Saving the private right of action for investors
To survive in the long run, ISDS needs broad, public support.  This, in turn, requires reform including making ISDS available to SME investors (another key feature of the EU’s ICS proposal, see Articles 3 and 4 on Mediation and Consultations, Article 9.9 on Sole Judges and Article 28.5 on maximum costs to be borne by unsuccessful SME claimants).  The choice, today, is not between the EU ICS proposal and the status quo (or, even less so, a perfectly streamlined multilateral investment court).  It is between something akin to the EU proposal and a slow decline of ISDS in favor of SSDS (state-to-state dispute settlement) or, at least, a major limitation of ISDS to some types of disputes/countries only.

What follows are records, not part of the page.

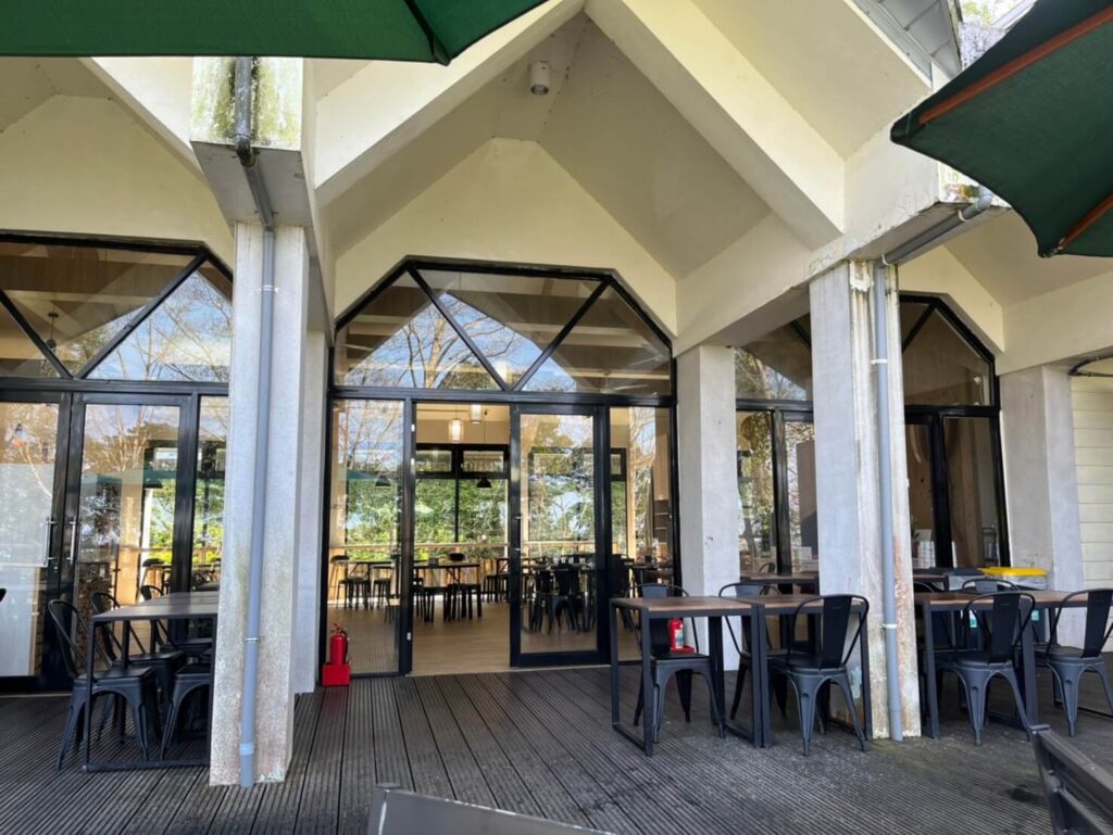 從室外用餐區回拍餐廳內部,可以看出東眼山森林食堂採光跟裝潢有多好
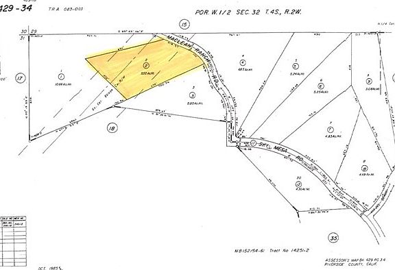 FIVE & ONE-HALF+- (5.52) VIEW ACRES in "THE RANCH at SKY MESA", a Private, Gated Community in SOUTHWESTERN RIVERSIDE COUNTY. LOT 2, TRACT 2. South (Main) & North gates equipped with high-tech, security, recording cameras. Buzz in guests. 500 acre community w/ 77 min. (5) acre+- lots. 2800 sq ft + homes w/ 3 + car garages. NO mobile homes. Propane & septic tank area. District water. Utilities in paved street. 218' FRONTAGE. 470' rear boundary. 630' N. & 670' S. Pad plotted on site map. Fire hydrant letter. Corners reconfirmed. Four horses allowed. Common area w/ horse arena. 2500'+- elevation. Natural habitat w/ rock/outcroppings. Private yet close to services & access to I-215, Hwy 74, realigned 79 & Ramon Expressway. - 1 of 13 REO lots. Package price. - builder/developer opportunity. Build or hold. OWNER MAY CARRY!
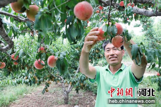 中新网河北新闻7月10日电 (徐巧明 张明月)7日,走进河北省顺平县望蕊桃产业现代农业园区,果农们正忙着采摘、分拣、装箱,一颗颗红润饱满的桃果贴上了“国家地理标志”专用标签,准备发往北京、天津、上海等地市场。
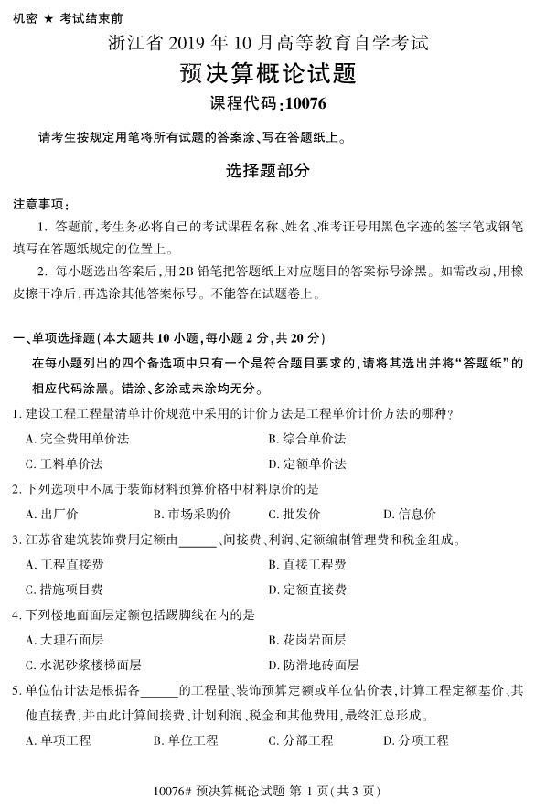 • 所在位置:辽宁自学考试网 > 自考试卷 > 2019年10月全国自考预决算概论真题
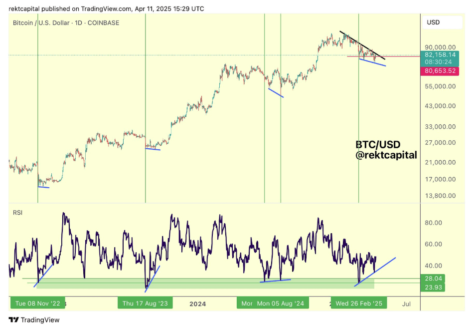 Meanwhile, crypto analyst Rekt Capital revealed that Bitcoin is developing another Higher Low on the Relative Strength Index (RSI) while forming Lower Lows on the price. He noted that throughout the cycle, BTC has formed bullish divergences like this on a few occasions. This is a positive for the flagship crypto, as each divergence has always preceded reversals to the upside, indicating that BTC could again rally to the upside soon.

To make things palatable to a US audience, the EU should strip its proposal of any reference to “judges”, “tribunals” and “court” and instead refer to “members”, “panels” and “body” (e.g. “investor-state dispute settlement” with “panels” and an “appellate body” with six “members”), a linguistic nuance that cannot be underestimated and continues to be important in the WTO.  The US, in turn, should carefully examine the EU proposal for what it is: Not a step back for investors, but a balanced reform worth testing that may well be the safest bet to ensure the long term survival of the private right of action for foreign investors against host states.


*Professor of Law, Graduate Institute, Geneva, and Georgetown Law Center, Washington, D.C.